Jakarta, CNBC Indonesia - Ketidakpastian global mempengaruhi banyak negara di dunia sepanjang 2024. Namun, sejumlah negara tetap berhasil mencetak pertumbuhan tinggi, beberapa di antaranya India dan Vietnam.
Hal ini dinilai menjadi contoh bagi Indonesia agar tidak berputus asa untuk menargetkan pertumbuhan tinggi, yakni 8%.
Deputi Bidang Perencanaan Makro Pembangunan Kementerian PPN/Bappenas Eka Candra menegaskan Indonesia mau tidak mau, suka tidak suka harus mematok pertumbuhan tinggi guna keluar dari jebakan middle income country.
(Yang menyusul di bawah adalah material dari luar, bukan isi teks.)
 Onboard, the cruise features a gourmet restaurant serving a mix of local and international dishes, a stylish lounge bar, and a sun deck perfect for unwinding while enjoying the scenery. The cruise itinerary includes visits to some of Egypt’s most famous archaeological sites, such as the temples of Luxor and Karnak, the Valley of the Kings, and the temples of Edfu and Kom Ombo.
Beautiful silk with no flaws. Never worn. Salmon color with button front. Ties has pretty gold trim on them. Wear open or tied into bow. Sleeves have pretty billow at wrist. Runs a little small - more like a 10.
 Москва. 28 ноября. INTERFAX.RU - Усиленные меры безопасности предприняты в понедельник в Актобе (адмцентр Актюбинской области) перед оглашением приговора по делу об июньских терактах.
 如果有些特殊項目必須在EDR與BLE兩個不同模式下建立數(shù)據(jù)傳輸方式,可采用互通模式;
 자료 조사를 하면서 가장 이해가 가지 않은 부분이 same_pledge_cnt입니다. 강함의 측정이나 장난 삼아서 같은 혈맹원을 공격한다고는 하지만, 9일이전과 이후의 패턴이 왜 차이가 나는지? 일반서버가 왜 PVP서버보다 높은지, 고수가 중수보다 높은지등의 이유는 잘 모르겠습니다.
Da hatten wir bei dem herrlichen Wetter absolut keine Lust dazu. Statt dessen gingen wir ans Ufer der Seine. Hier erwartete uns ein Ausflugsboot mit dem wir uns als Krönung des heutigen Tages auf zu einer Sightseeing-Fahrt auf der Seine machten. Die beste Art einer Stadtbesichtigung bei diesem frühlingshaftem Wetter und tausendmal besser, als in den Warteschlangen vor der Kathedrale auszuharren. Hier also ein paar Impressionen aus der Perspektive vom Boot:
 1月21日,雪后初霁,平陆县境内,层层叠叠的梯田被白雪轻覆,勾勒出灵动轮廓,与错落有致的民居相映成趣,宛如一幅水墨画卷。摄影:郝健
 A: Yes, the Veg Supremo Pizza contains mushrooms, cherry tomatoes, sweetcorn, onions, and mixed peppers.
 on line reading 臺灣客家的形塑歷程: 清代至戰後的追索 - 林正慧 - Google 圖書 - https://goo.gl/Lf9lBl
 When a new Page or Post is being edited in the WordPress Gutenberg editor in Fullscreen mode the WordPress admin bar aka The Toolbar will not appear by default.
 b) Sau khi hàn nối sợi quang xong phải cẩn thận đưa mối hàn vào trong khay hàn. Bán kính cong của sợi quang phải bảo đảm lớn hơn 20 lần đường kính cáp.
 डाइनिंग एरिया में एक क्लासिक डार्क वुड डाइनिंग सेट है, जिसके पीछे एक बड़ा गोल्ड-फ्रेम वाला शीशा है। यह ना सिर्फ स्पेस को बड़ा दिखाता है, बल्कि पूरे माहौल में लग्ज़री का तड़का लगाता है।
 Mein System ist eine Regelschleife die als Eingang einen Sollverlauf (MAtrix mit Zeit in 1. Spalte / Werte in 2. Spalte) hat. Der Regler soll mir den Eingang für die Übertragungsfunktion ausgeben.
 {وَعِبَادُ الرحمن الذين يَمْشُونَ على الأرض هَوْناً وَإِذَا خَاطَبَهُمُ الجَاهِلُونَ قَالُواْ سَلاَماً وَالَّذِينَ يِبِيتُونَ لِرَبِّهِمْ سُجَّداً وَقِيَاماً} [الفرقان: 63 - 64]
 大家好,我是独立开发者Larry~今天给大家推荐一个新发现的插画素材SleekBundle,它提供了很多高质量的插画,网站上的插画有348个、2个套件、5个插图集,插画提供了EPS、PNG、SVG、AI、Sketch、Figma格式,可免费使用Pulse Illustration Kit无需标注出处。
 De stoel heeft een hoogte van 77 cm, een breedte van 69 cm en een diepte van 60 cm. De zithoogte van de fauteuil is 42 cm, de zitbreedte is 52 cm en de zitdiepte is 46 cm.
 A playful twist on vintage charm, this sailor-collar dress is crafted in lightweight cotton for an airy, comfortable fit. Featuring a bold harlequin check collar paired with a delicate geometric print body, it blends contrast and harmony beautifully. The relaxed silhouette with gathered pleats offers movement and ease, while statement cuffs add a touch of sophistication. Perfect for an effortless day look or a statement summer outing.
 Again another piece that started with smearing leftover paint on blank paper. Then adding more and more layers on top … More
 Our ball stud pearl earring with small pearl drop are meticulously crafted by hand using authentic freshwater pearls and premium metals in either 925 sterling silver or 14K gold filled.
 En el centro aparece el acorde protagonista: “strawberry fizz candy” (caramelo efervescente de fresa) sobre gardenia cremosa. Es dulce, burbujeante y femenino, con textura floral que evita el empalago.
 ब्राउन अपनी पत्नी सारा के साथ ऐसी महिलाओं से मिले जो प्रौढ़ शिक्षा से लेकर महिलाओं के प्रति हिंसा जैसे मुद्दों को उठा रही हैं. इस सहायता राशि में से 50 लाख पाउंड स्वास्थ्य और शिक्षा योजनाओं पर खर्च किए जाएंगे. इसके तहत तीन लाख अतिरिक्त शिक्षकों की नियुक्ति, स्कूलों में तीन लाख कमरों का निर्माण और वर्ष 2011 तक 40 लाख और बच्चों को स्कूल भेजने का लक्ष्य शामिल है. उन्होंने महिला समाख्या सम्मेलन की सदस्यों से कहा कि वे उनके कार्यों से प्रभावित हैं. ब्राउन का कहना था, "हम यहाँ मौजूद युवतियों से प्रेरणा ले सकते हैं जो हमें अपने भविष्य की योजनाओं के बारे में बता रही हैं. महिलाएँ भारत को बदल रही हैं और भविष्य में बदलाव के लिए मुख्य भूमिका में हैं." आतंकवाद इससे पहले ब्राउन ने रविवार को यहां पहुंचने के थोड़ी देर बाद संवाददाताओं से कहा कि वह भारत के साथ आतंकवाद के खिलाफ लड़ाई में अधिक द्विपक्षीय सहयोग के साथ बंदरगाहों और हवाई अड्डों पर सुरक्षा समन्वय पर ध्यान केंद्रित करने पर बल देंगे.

"Vietnam bisa tumbuh 7,7%, India 2024 prediksinya naik 7%. Kalau tanya ketidakpastian global mereka pun akan mendapatkan hal yang sama. Untuk itu di sini optimisme jadi penting tidak hanya growth yang tinggi 'how to-nya' seperti apa," papar Eka Candra dalam BRI Microfinance Outlook 2025 di International Convention Exhibition (ICE) BSD City, Kamis (30/1/2025).
Menurut Eka, ada beberapa strategi untuk mencapai ekonomi inklusif. Sejumlah strategi itu a.l. pertanian, hilirisasi dan investasi berorientasi ekspor.
"Ada 8 strategi dan 1 langkah kebijakan, pertanian, hilirisasi, pariwisata, perkotaan, pusat pertumbuhan, investasi berorientasi ekspor," paparnya. Dengan demikian, pertumbuhan ekonomi tinggi tidak bisa hanya mengandalkan APBN.
"Kalau hanya Menkeu (bergerak), APBN terbatas di awal tahun ini...kita tidak bisa hanya mengandalkan APBN," ujarnya.
Adapun, berdasarkan perhitungan Kementerian Perencanaan Pembangunan Nasional (PPN)/Bappenas, mulai 2040-2041, dan keluar dari jebakan status negara berpendapatan menengah atau middle income trap.
"7% itu kita bisa keluar sebelum 2040, 6% itu adalah kita akan keluar sekitar 2041, nah ini yang menjadi syarat kita maju," katanya.
Jika target itu tak kunjung mampu terealisasi, maka cita-cita Indonesia Emas 2045 akan sulit tergapai. Sebab, momentum untuk mengejar pertumbuhan tinggi itu hanya terjadi dalam 20 tahun dari sekarang karena Indonesia tengah mengalami bonus demografi pada periode itu.
Bonus demografi adalah periode ketika jumlah penduduk usia produktif lebih banyak daripada penduduk usia nonproduktif.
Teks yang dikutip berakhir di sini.